佐和ちゃんは、和泉くんも昔とは違うんだし私を拒否した時のままじゃないかもしれないとは言うけれど。

高校の時拒絶された印象が強すぎて、慎重になってしまう。
もう拒まれたくないから、近づくのをためらってしまう。

だから、できるなら今のまま当たり障りなく過ごせればと思うけど……自分が気持ちを隠し通せるかが大きな課題で。

隠し通せないなら、絶対に和泉くんは私なんて想っていないって佐和ちゃんに言ってもらって、膨れ上がってる気持ちや期待をどうにか押さえ込んで潰そうとしたのに、それもしてもらえなくて。

最後の砦が崩れた思いで、テーブルの上に頭をつけて打ちひしがれる。
これからどうすればいいのかを考えると、このままめり込んでどこまでも沈んでいきそうだ。

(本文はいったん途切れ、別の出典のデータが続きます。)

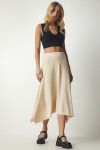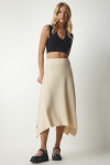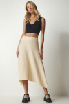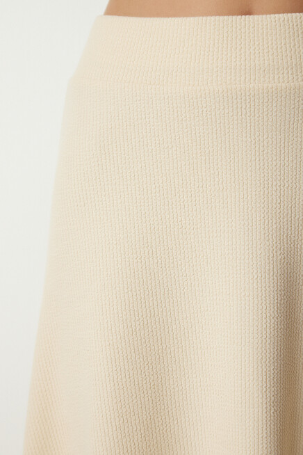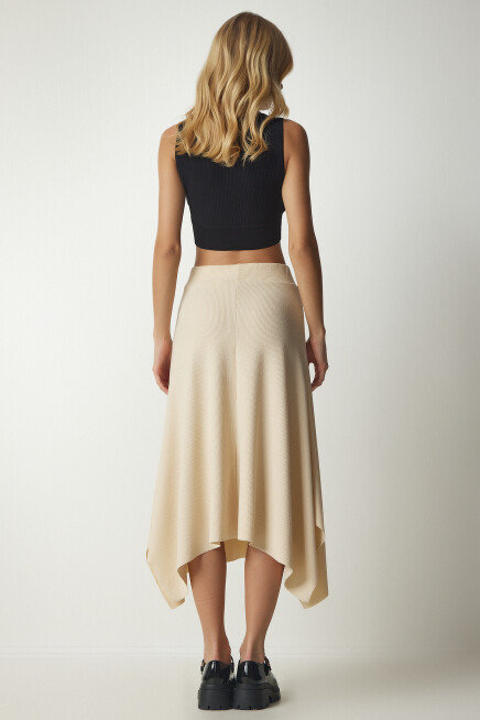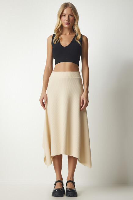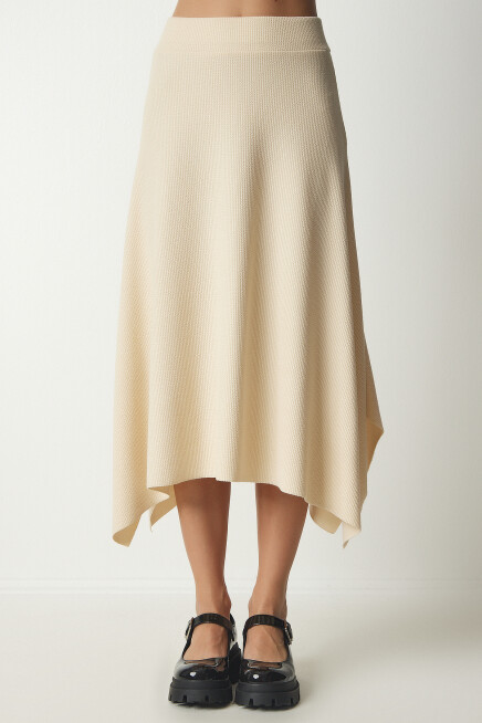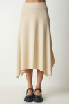 Elastik bel, esnek yapılı, etek ucu lazer asimetrik kesim, rahat fitilli örme etek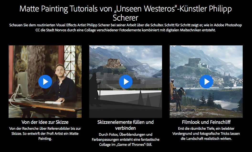 Wenn Sie jedoch ganz nach unten scrollen, finden Sie drei Matte Painting-Tutorials von „Unseen Westeros”-Künstler Philipp Scherer, die die Vorgehensweise im Detail erklären.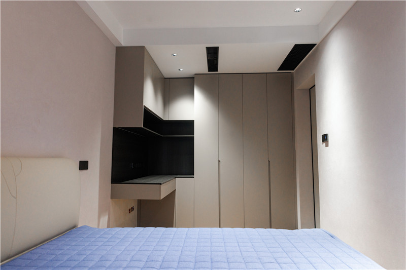 客臥兼書(shū)房使用,衣柜延伸為書(shū)桌,以懸挑設(shè)計(jì)突出特色。墻面采用了藝術(shù)漆,易擦拭,方便屋主整理清潔。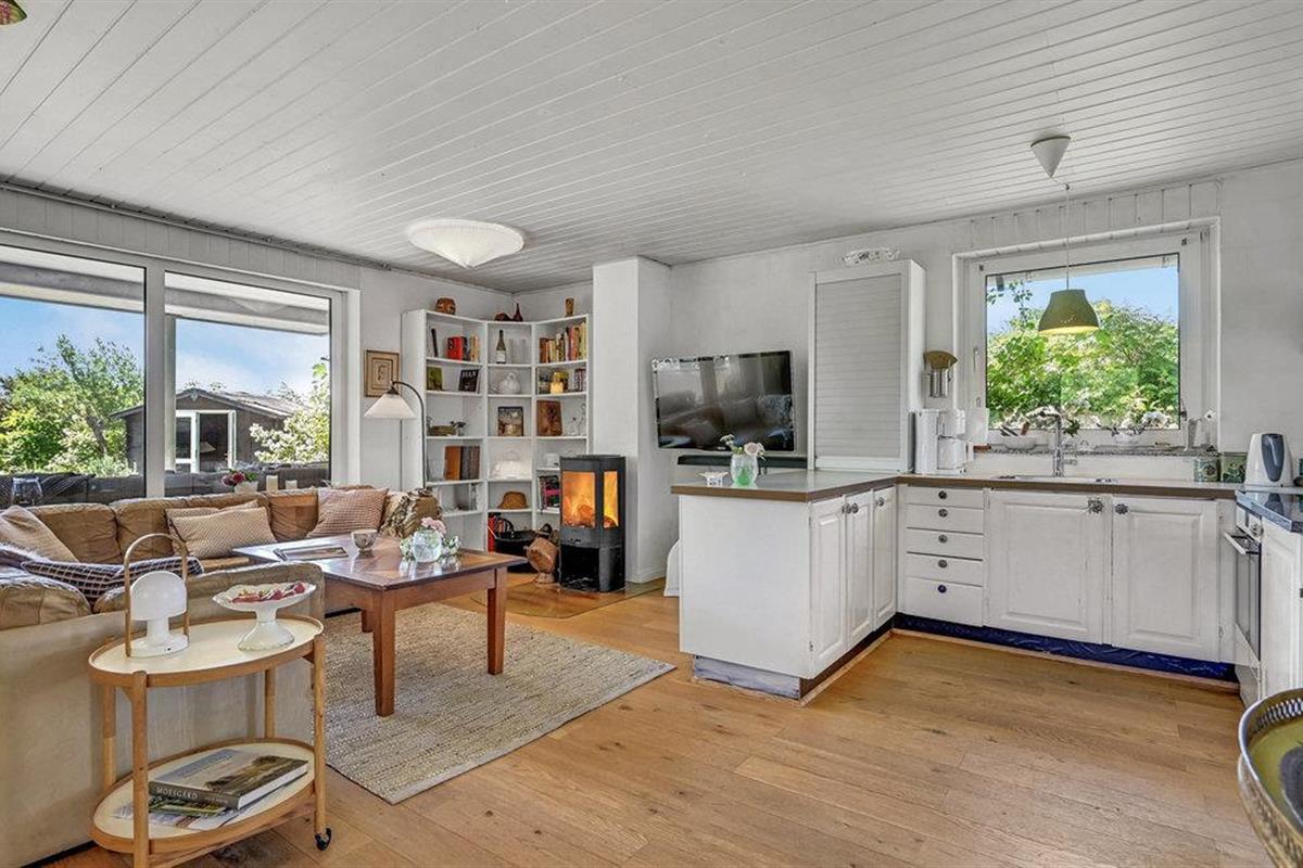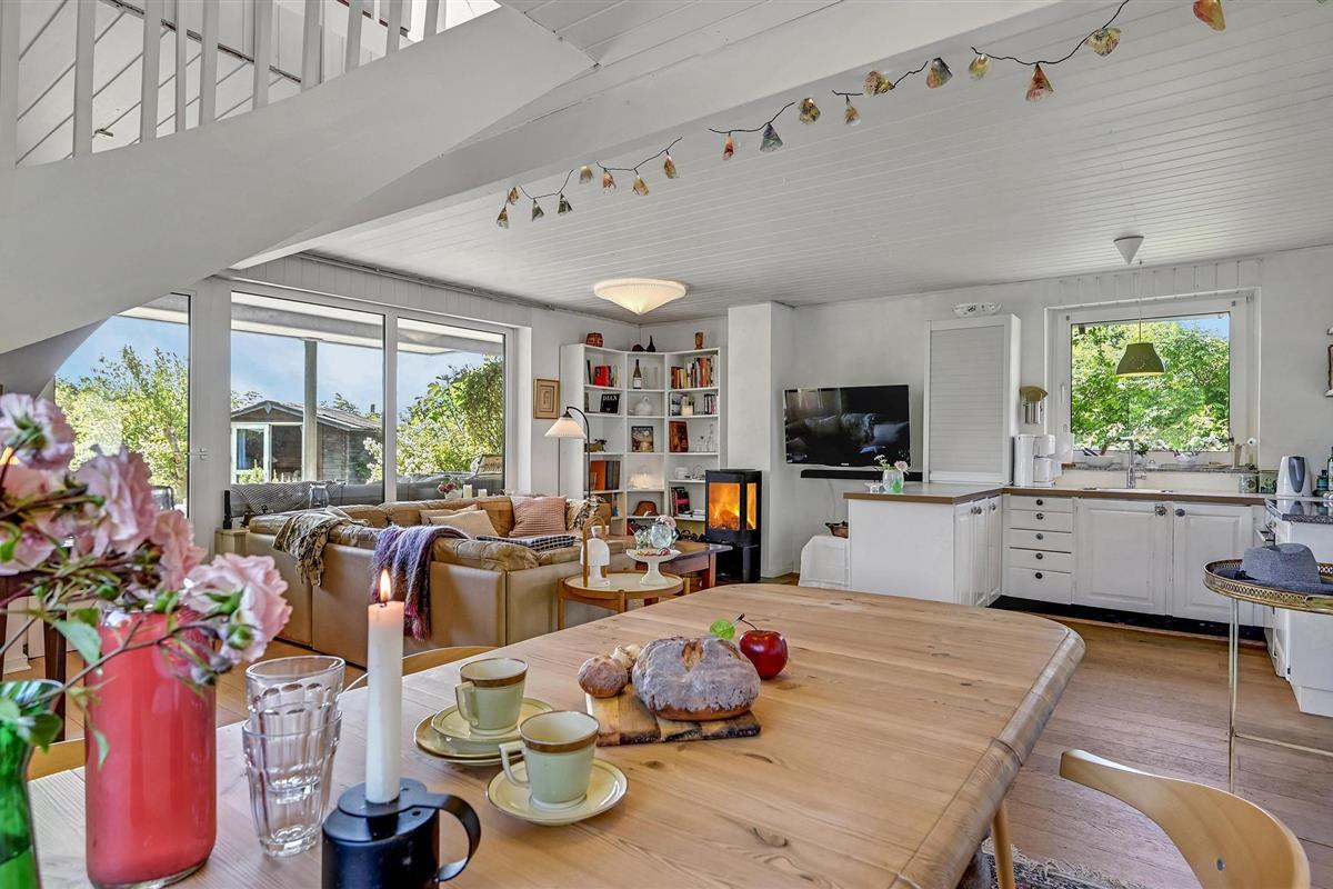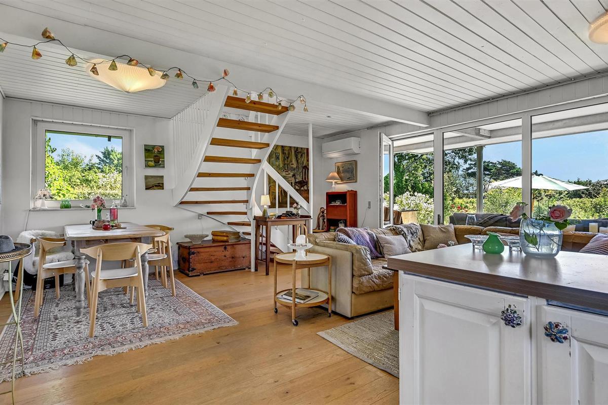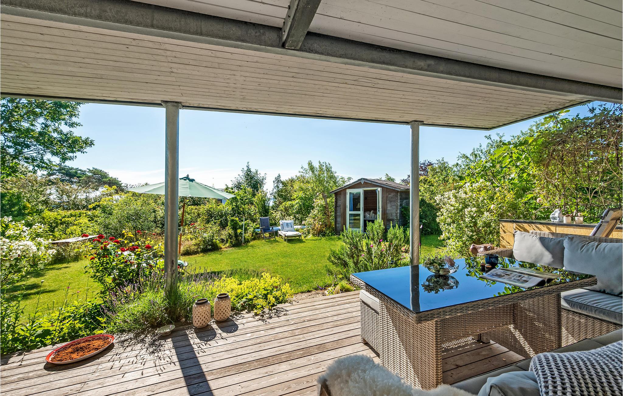 Bij zonnig weer kunt u zich terugtrekken op het terras, waar u misschien wel het beste kunt genieten van het hoogtepunt van het huis, namelijk het prachtige uitzicht op de baai van Aarhus en het prachtige kustlandschap van het schiereiland Mols. Als u ook op zomeravonden van de zon wilt genieten, heeft u natuurlijk ook de mogelijkheid om de dag mooi af te sluiten op het overdekte terras aan de andere kant van het huis.

「絶対に和泉くん気づくと思う……。私隠せないもん。隠してるつもりでも出てるもん、いつも……」
「まぁ、だろうね。莉子は恋愛感情に限らずすべての事において隠し事できないから」
「じゃあダメじゃない! 気持ちバレて気まずくなって終わりじゃない!」
「なんで? 気持ちバレて実は両思いかもしれないでしょ」
「だから、和泉くんは私の事なんて……っ」

顔を上げてそう言いかけて、もういいと会話を終了させた。